Stell dir vor du bist mies drauf und motzt rum und deine Angestellte lächelt dich die ganze Zeit an... ist zwar nett von dir gemeint, aber was würdest du denken? Ich würde denken "Schleimer!" und das wirds wohl sein.

Das ist nicht bös gemeint, du meinst es ja auch nur gut.

Aber dein Chef ist ein älterer Herr, der es wahrscheinlich noch gewohnt ist "Frauen gehören hinter den Herd!", vielleicht paßt ihm auch irgendwas an dir nicht. Und solange du immer lächelst wirst du bei ihm nicht im ansehen steigen.

Das soll nicht bedeuten, dass du ihm mal die Meinung husten sollst oder ihn beschimpfen. Aber eventuell solltest du nicht mit einem lächeln auf "gemotze" reagieren. Du darfst ruhig "zeigen" das dir das nicht paßt. Und natürlich dabei höflich bleiben. 

Ich würde sicher nicht lächeln wenn mich jemand anpampt. Ich wäre ernst und höflich. Wenn er es dann irgendwann nicht unterläßt, kannst du ihm ruhig mal fragen ob du was verkehrt gemacht hast oder warum er dir gegenüber so patzig ist. 

Eventuell rechnet er garnicht mit Contra oder wird sich erstmal darüber bewußt, wie er dich momentan behandelt. 

Mein Tipp:
"Offene Konfrontation ohne Kriegserklärung" 

Was ich machen würde:

Wenn er das nächste mal mit dir motzt, frag ihn ob ihr euch mal unter 4 Augen unterhalten könnt. Höflich aber bestimmt. Dann frag ihn, wieso er anscheinend zu allen freundlich ist nur zu dir nicht. Ob er mit dir unzufrieden ist oder ihm was nicht an dir paßt. 

Damit wird er nicht rechnen und du wirst auch in seinem Ansehen steigen weil du Rückrat bewiesen hast. 

Wenn du Pech hast sagt er, er kann dich nicht leiden und du bist ihm ein Dorn im Auge, aber dann weißt du wenigstens wo du dran bist.
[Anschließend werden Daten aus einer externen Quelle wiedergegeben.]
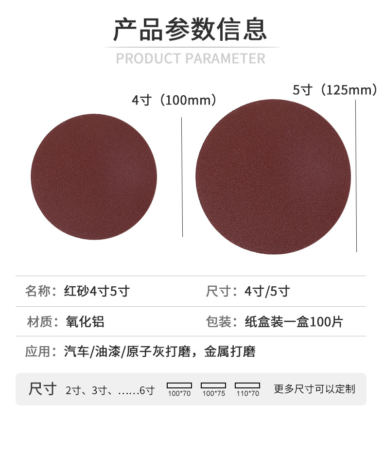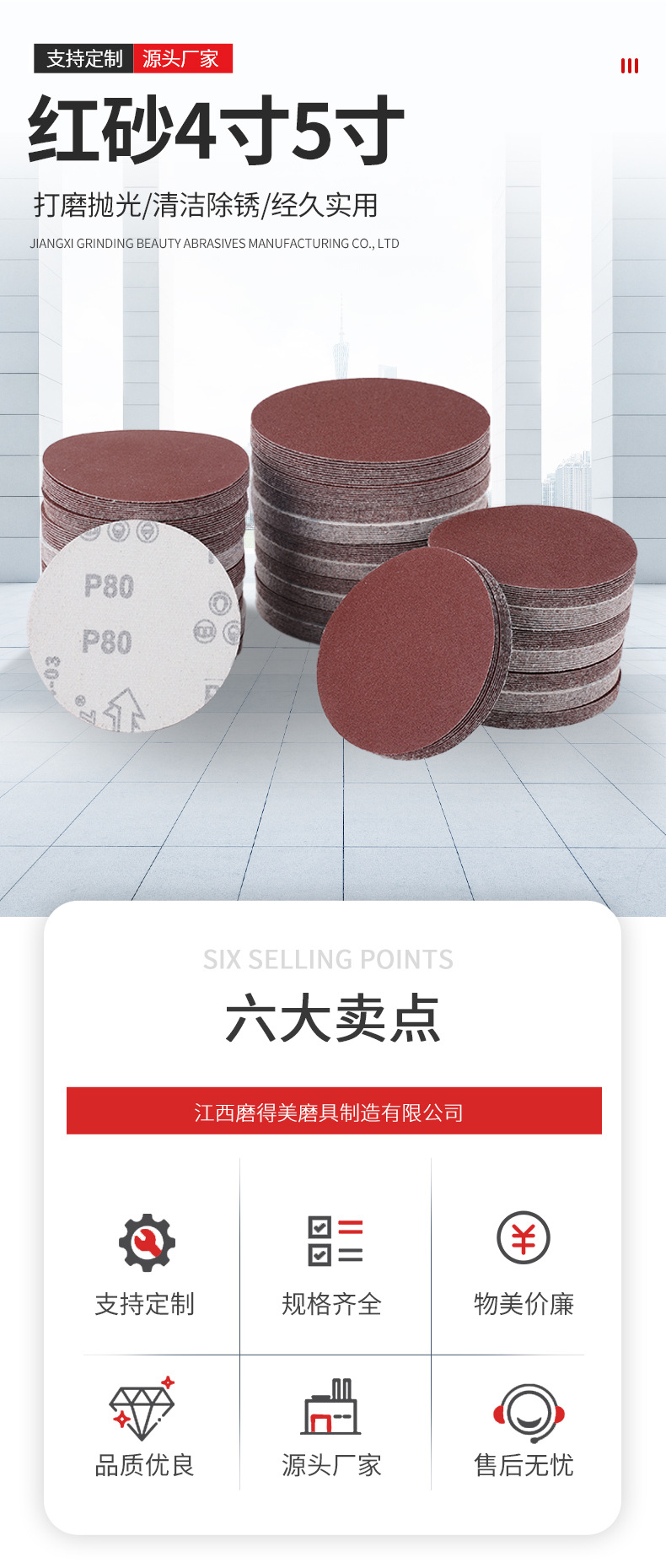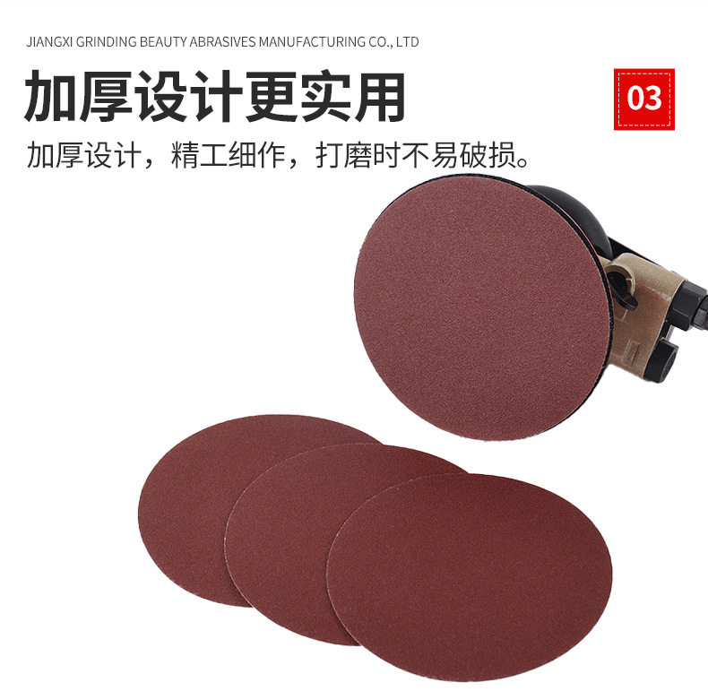 植绒红砂纸片 红砂4寸5寸 自粘植绒磨砂纸 打磨抛光圆形批发砂纸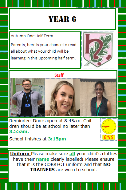 Here is a summary of what your child will be doing during the Autumn 1 term.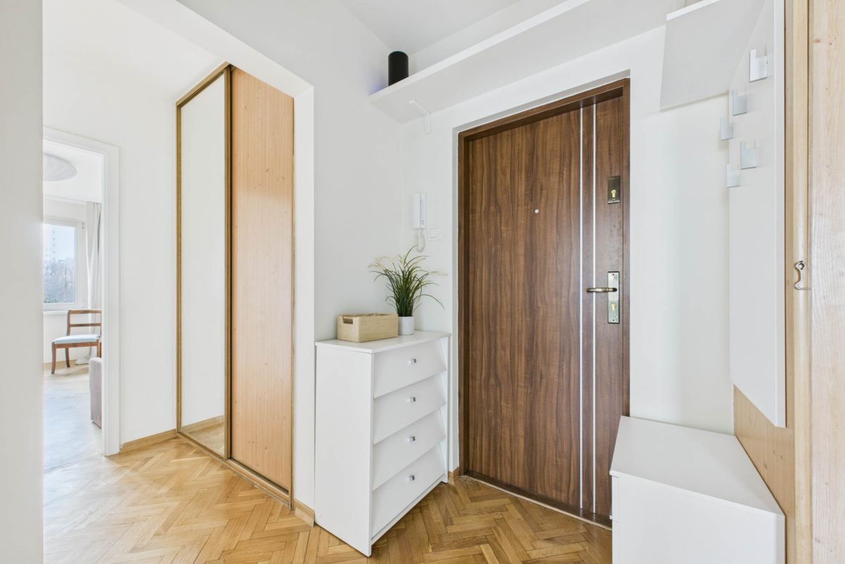 • przedpokój z dwiema dużymi szafami w zabudowie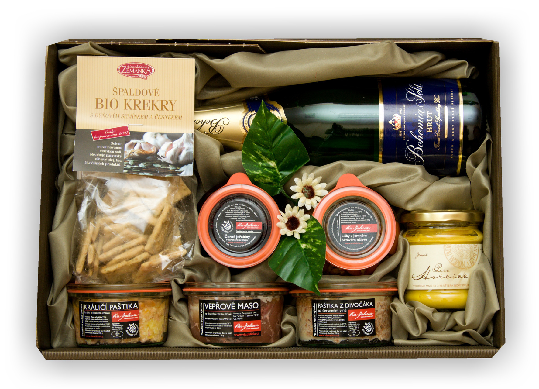 Potěšte luxusním dárkem v podobě slaných delikates ve velké dárkové krabici. K vybranému nápoji můžete ochutnat králičí paštiku se zelenínou nebo paštiku z divočáka na červeném víně. Potěšit se můžete také bio špaldovými krekry z rodinné pekárny.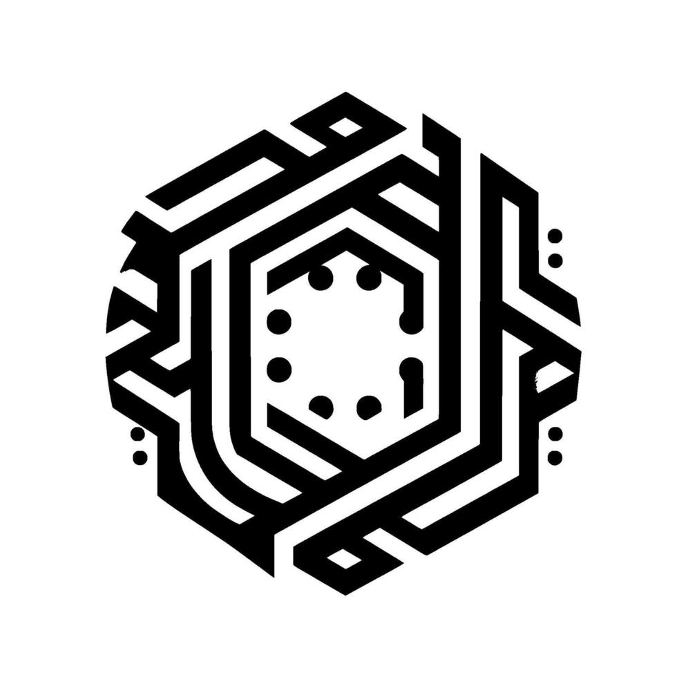 Geometric Hexagon Modern Black and White with Interlocking Lines, Dots, and a Central Hexagonal Void. vector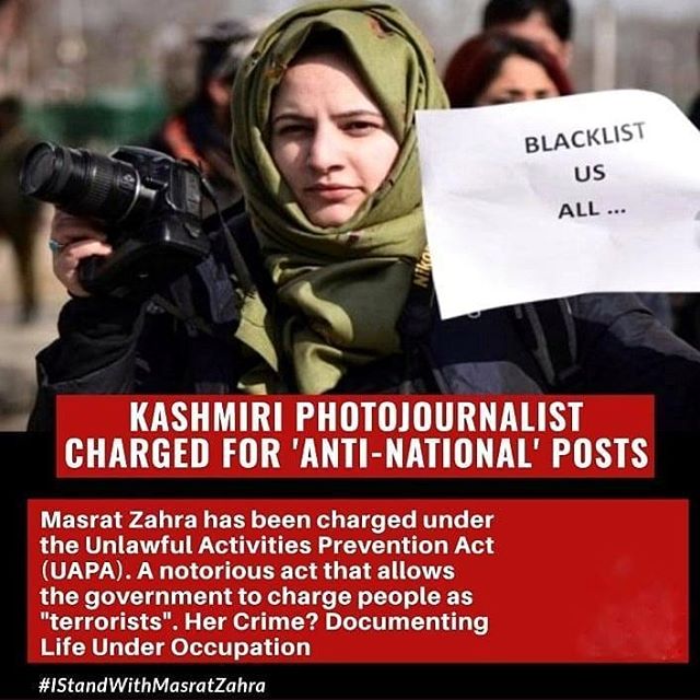 On Monday, the J&K Police invoked draconian UAPA law to book Zahra for allegedly uploading anti-national posts photographs on social media.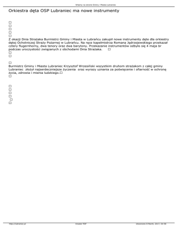 Witamy na stronie Gminy i Miasta Lubraniec Orkiestra dęta OSP Lubraniec ma nowe instrumenty Z okazji Dnia Strażaka Burmistrz Gminy i Miasta w Lubrańcu zakupił nowe instrumenty dęte dla orkiestry dętej Ochotniczej Straży Pożarnej w Lubrańcu. Na ręce kapelmistrza Romana Jędrzejewskiego przekazał cztery flugernhorny, dwa tenory oraz dwa barytony. Przekazanie instrumentów odbyło się 4 maja br podczas uroczystości związanych z obchodami Dnia Strażaka. Burmistrz Gminy i Miasta Lubraniec Krzysztof Wrzesiński wszystkim druhom strażakom z całej gminy Lubraniec złożył najserdeczniejsze życzenia oraz wyrazy uznania za poświęcenie i ofiarność w ochronę życia, zdrowia i mienia ludzkiego. http://lubraniec.pl Kreator PDF Utworzono 8 March, 2017, 04:58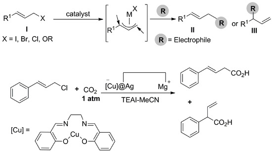 The same group also developed the photo-catalytic carboxylation process that involves an allylic C–H bond of basic alkenes [101]. The process is catalyzed by a ketone and a copper complex and was performed under a high temperature (110 °C) and UV irradiation in 2016. In this method, to achieve the unique carboxylation reaction, ketones are photo-reacted with alkenes in an endergonic manner, forming homoallyl alcohol intermediates in the process. Then, the alcohol is first deprotonated via copper to butoxide. Afterwards, the desired product is obtained through beta-carbon cleavage. The fundamental process comprises two phases: (1) the formation of highly energetic intermediates in an endergonic photoreaction, and thereafter, (2) the formation of CO2 through the carboxylation reaction is made possible via the copper-catalyzed allyl transfer process that necessitates the cleavage of a C–C bond from homoallylic alcohols.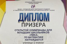 Гимназиябез укучысы С.Аиша, әле 1 нче сыйныфта гына булуга карамастан, инде яңа үрләр яулый башлады. Ул математика буенча башлангыч сыйныфлар өчен үткәрелгән “УМКА” ачык олимпиадасында катнашып, призер исеменә лаек булды. Нәни укучыбыз өчен без бик шат. Аңа алга таба да уңышлар телибез!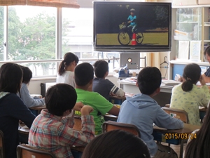 3~6年生は、自転車の安全な乗り方について、資料DVDを視聴することを通して学びました。「自転車に乗る」というと、どうしても被害者にならないための方法ばかりに気がいきがちですが、今回は「加害者にならない」ようにするための自転車の正しい乗り方についても学びました。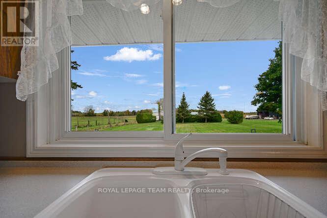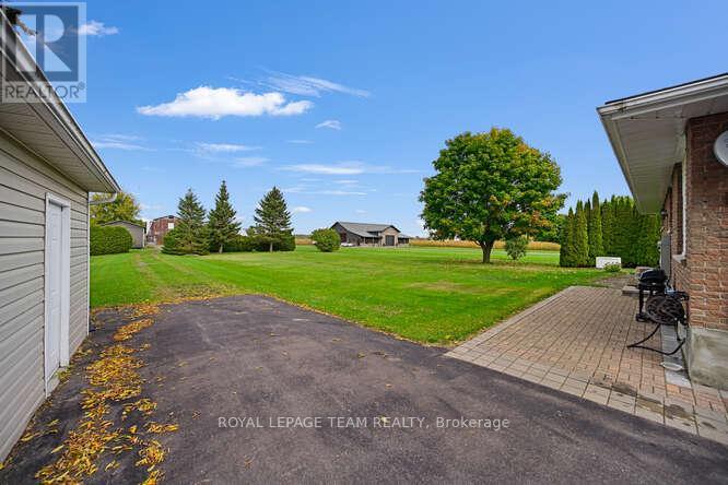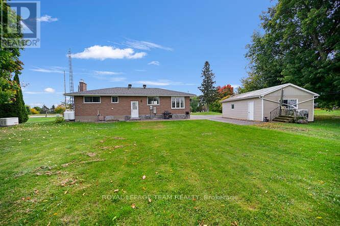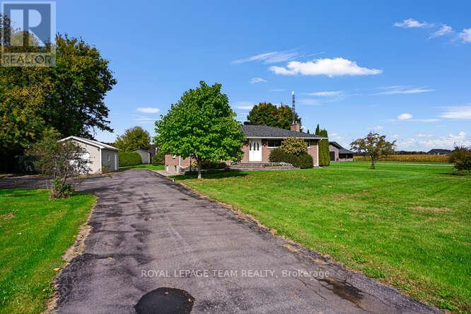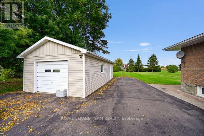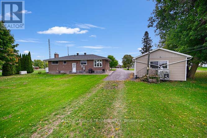 Absolutely lovely country living in a clean and updated brick bungalow. From your kitchen sink enjoy fields of corn as far as the eye can see, and cattle grazing. Close to all major transportation, including the International Bridge. One hour to Ottawa via Hwy 416. Partial River views, near parks, boat launches, and all the Seaway offers. Close to Convenience Store and Gas Mart. Open and renovated kitchen with island, all appliances included . Gleaming hardwood throughout with ceramic accents. 2 large bedrooms. One full bath with whirlpool tub, corner shower, vanity, sink, and the main floor laundry. Basement has one bedroom with natural light , and closets, beautiful ceramic flooring. 2 large Utility rooms. Generous and Warm Family Room, has raised gas stove. Linen closet, entry closet. Security lock. Remote Garage Door on the 16' by 30', steel roofed, one car garage. Clothesline deck and water gather back of garage. Nicely landscaped with interlocking on walkways, flowering shrubs, and raised gardens. New roof 2023, Windows 2015, Furnace and Stove 2017. Generac. All other upgrades found in Documents. 24 Hour Irrevocable. (id:64974)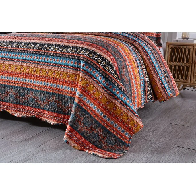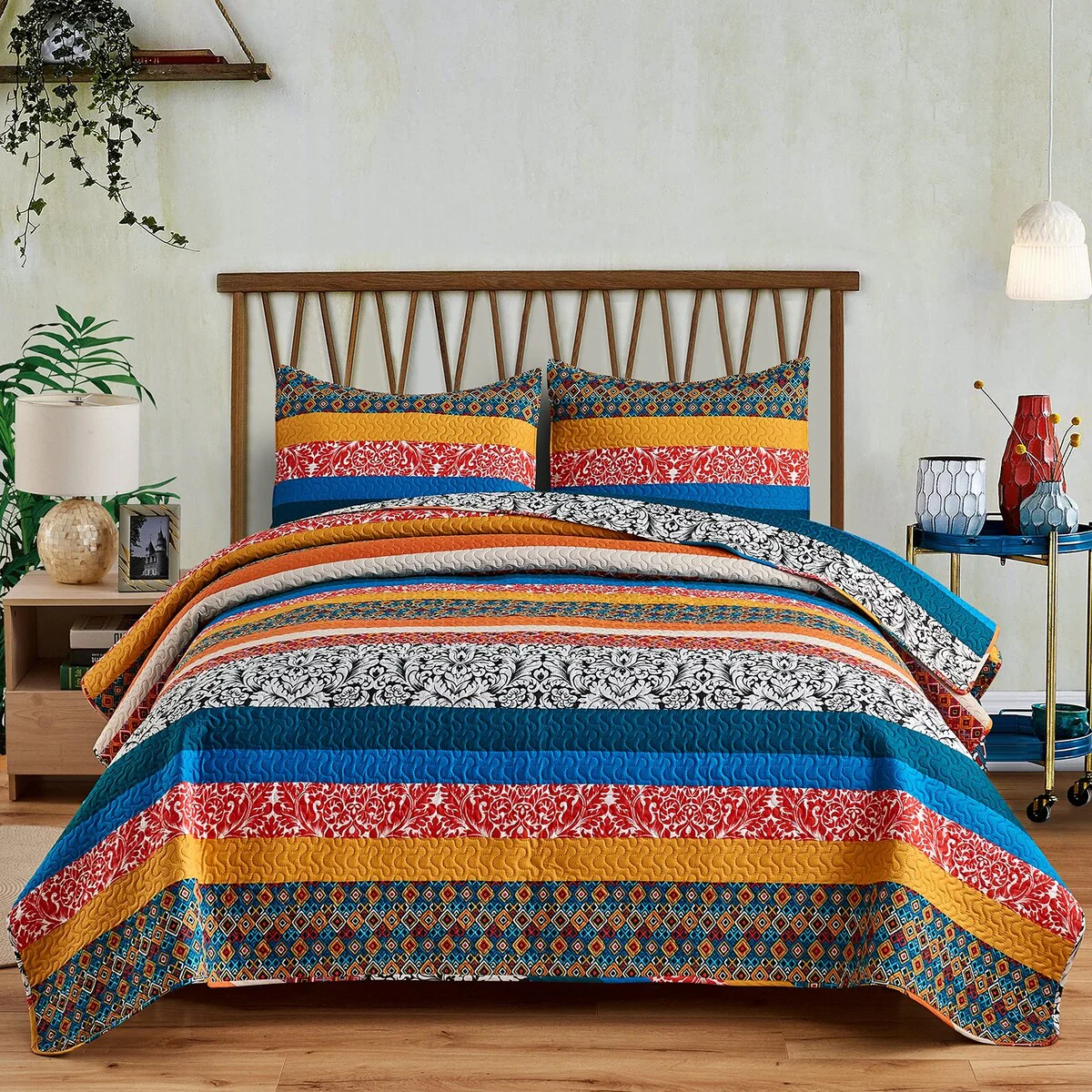 Add a touch of elegance to your bedroom decor with this luxurious Bohemian quilted bedspread set. The exquisite patterns and high-quality material make it a perfect addition to your bedding collection. The set includes a quilt and two pillow shams, providing a complete bedding solution.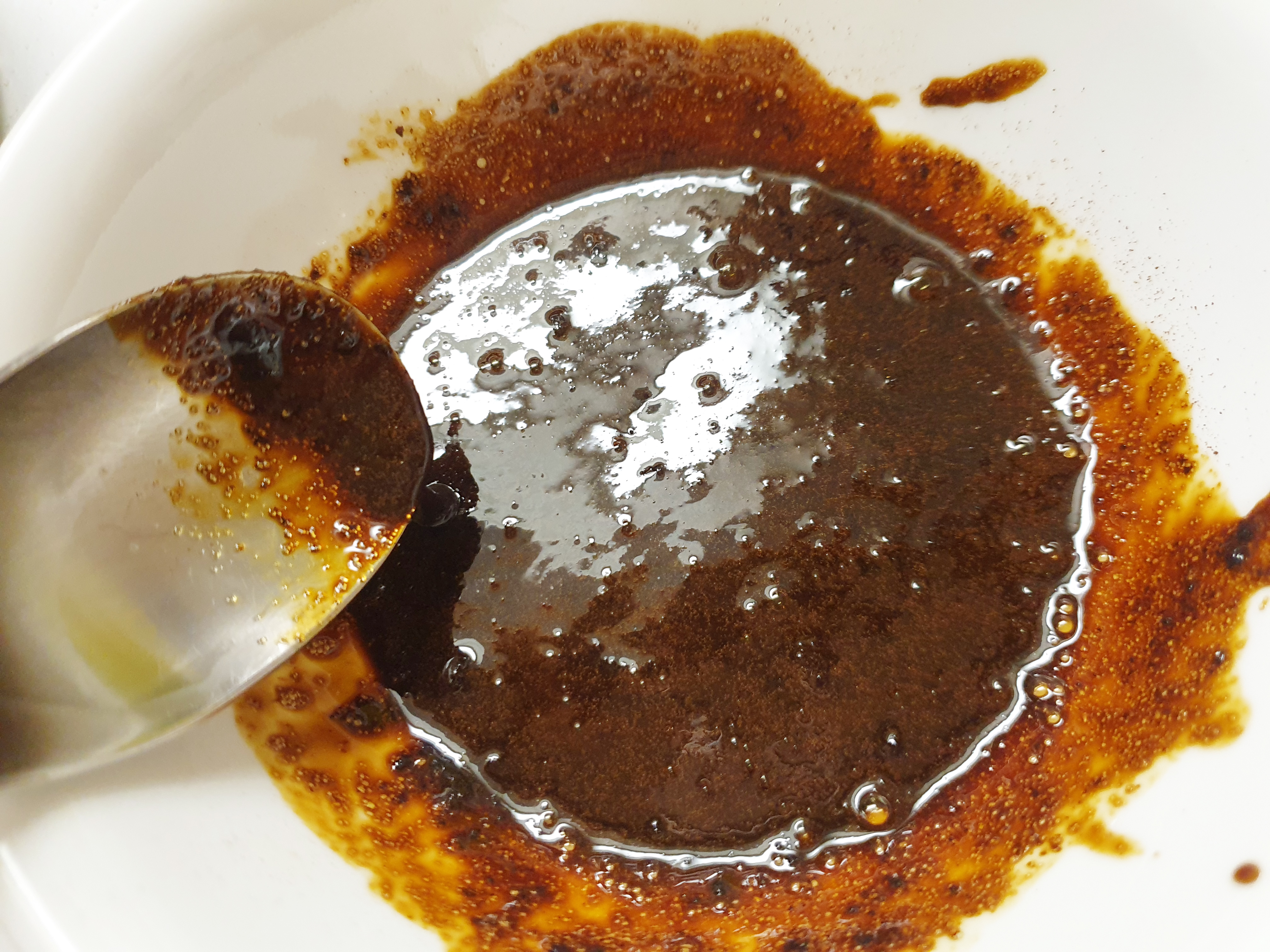 커피 3스푼, 설탕 3스푼, 물 3스푼을 넣고 열심히 저어줬어요. 달고나 색으로 변하고 된느낌이 들 때까지!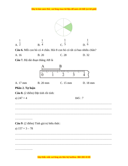 Câu 6. Mỗi con bò có 4 chân. Hỏi 8 con bò có tất cả bao nhiêu chân? A. 16 B. 20 C. 28 D. 32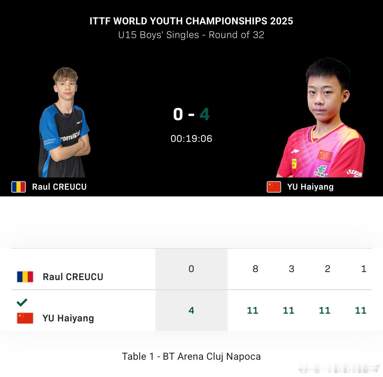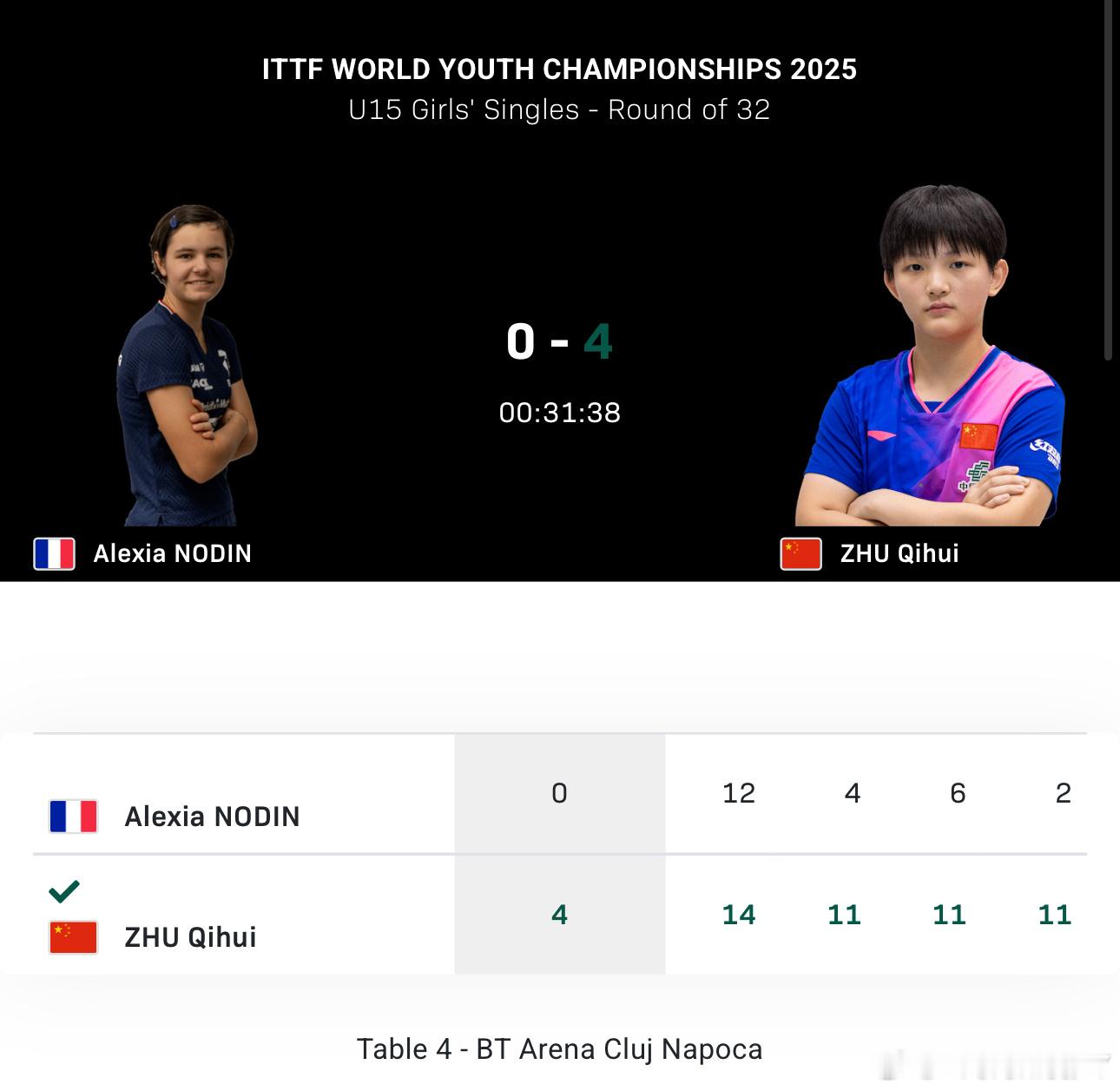 2025世青赛U15男女子单打32-16祝启慧4-0诺丁于海洋4-0劳尔16-8祝启慧VS阮芯诺于海洋VS夏克巴

Ansonsten könnte das Gespräch nur ein positiver Gewinn für dich sein.


----------



## Kono (shat) (19. Mai 2009)

nunja, da gibt es 2 möglichkeiten
du wirst den nicht ändern können, also kannst du ihn nur weitensgehend ignorieren. in einem ohr rein, im anderen wieder raus, 
oder
du suchst dir eine andere firma, bevor du kündigst
der lebt bestimmt noch paar jahre, und vorher wirst du den nicht los

kannst ihn natürlich mal damit konfrontieren, aber ob du dann noch lange da arbeitest, bezweifle ich mal
hat der alte denn noch einen chef über sich?


----------



## marion9394 (19. Mai 2009)

Kono schrieb:


> kannst ihn natürlich mal damit konfrontieren, aber ob du dann noch lange da arbeitest, bezweifle ich mal
> hat der alte denn noch einen chef über sich?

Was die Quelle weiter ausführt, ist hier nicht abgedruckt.